I think sparse fetch is a lot worse than grafts and shallow clones which
are already bad.  These are all ways to introduce local inconsistency at
the object level and pretend everything is Ok, but the latter two do so
only at commit boundary and it is somewhat more manageable (but we still
do not handle it very well).  With sparse fetch, you cannot even guarantee
the integrity of individual commits with subtrees here and there missing.

I do think shallow checkout that says "I'll have the whole tree in the
index but the work tree will have only these paths checked out" makes
sense.  You do not need a fully populated work tree to create commits or
merges -- the only absolute minimum you need is a fully populated index.

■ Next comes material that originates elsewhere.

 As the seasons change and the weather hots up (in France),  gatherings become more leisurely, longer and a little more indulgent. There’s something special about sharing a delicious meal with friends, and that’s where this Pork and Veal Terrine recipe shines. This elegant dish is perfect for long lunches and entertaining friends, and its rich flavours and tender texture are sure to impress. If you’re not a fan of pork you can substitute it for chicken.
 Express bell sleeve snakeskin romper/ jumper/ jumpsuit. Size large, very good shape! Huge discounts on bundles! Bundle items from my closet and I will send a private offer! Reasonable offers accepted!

In that sense, I think "protect index entries outside of these paths" (I
remember that the first round of this series was done around that notion)
is a wrong mentality to handle this.  We should think of this as more like
"you still populate the index with the whole tree, and you are free to
update them in any way you want, but we do not touch work tree outside
these areas".

This has a few ramifications:

 - If the user can somehow check out a path outside the "sparse" area, it
   is perfectly fine for the user to edit and "git add" it.  Such a method
   to check out a path outside the "sparse" area is a way to widen the
   "sparse" area the user originally set up;

 - When the user runs "merge", and it needs to present the user a working
   tree file because of conflicts at the file level, the user has to agree
   to widen the "sparse" area before being able to do so.  One way to do
   this is to refuse and fail the merge (and then the user needs to do
   that "unspecified way" of widening the "sparse" area first).  Another
   way would be to automatically widen the "sparse" area to include such
   conflicting paths.

 - And you would want to narrow it down after you do such a widening.

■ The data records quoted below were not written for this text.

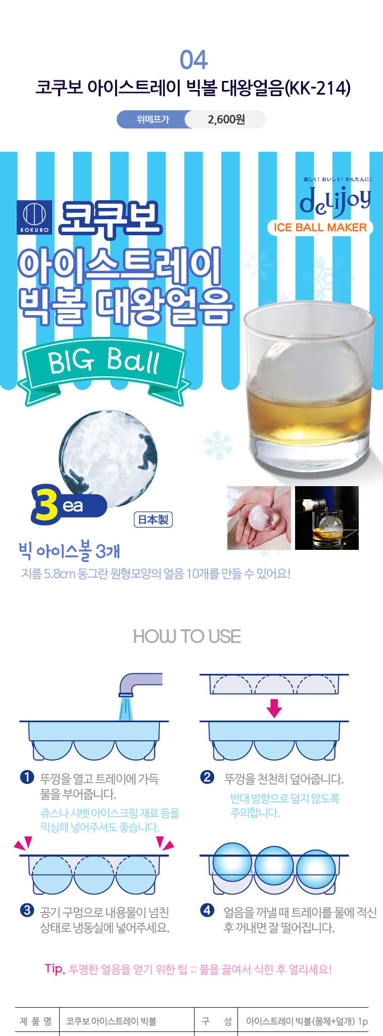 KHAY LÀM ĐÁ 4 VIÊN SIZE LỚN COOL LAND ICE - HÀNG NỘI ĐỊA NHẬT BẢN (Sản phẩm được nhập khẩu chính hãng từ Nhật Bản) ■ Xuất xứ: Nhật Bản / MADE IN JAPAN ■ NSX: Pearl Metal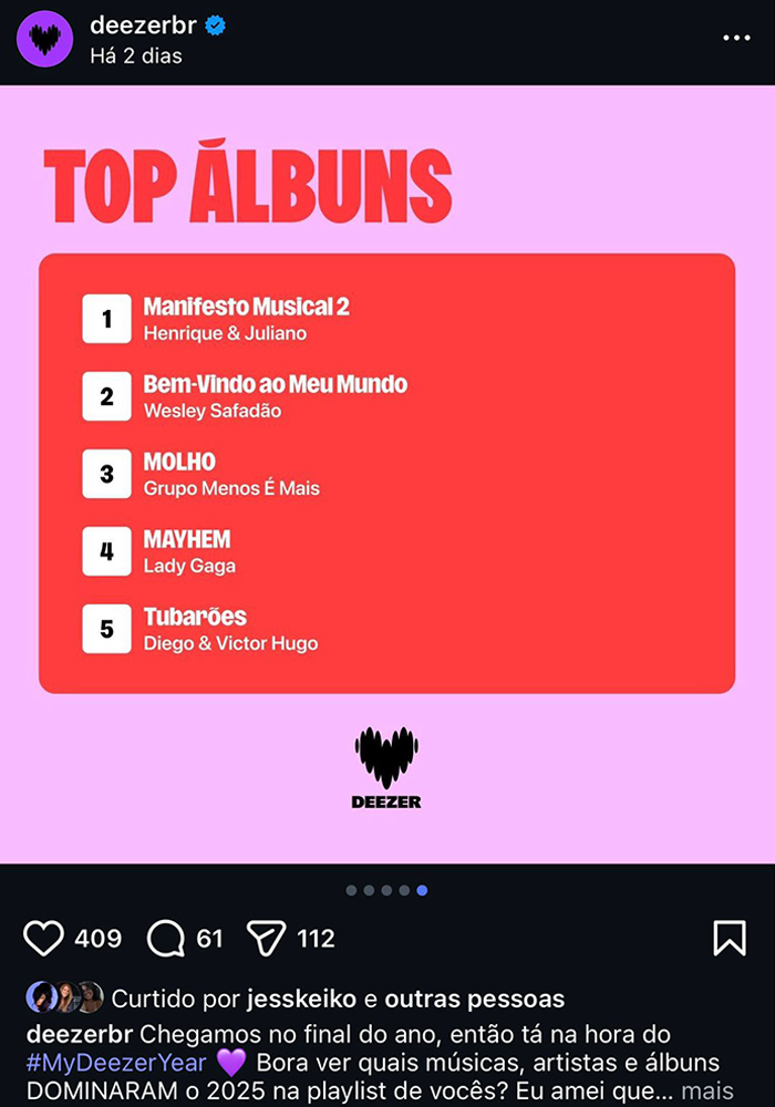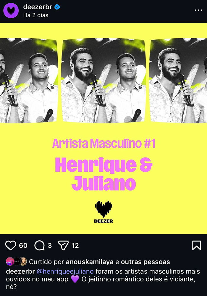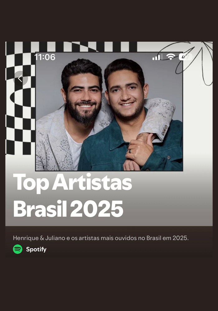 Henrique & Juliano se consolidam como um dos maiores nomes da música sertaneja, pelo segundo ano consecutivo a dupla emplacou o “Manifesto Musical 2” como o álbum mais ouvido do Spotify, além de adicionarem “O Céu Explica Tudo” e “To Be” entre os cinco mais ouvidos. Tal feito, levou a dupla a alcançar a liderança do ranking de artistas mais ouvidos do Spotify Brasil em 2025.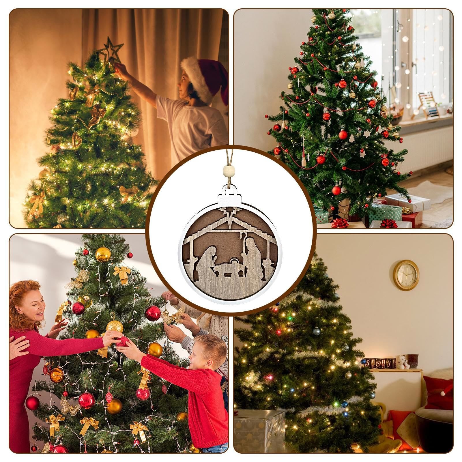 Minimalist Style Layered Wooden Jesus Nativity Scene Pendant Christmas Nativity Hanging Ornaments

For many projects that has src/ and doc/ (git.git being one of them), it
is perfectly valid for a code person and a doc person to work in tandem.
In such a project, after the code person makes changes in her sparsely
checked out repository and making changes only to the src/ area and pushes
the results out, the doc person would run "git pull && git log -p
ORIG_HEAD" and updates the documentation in his sparsely checked out
repository that has only doc/ area.  The two parts are tied together and
they advance more or less in sync.  I think sparse checkout would be a
useful feature to help such a configuration.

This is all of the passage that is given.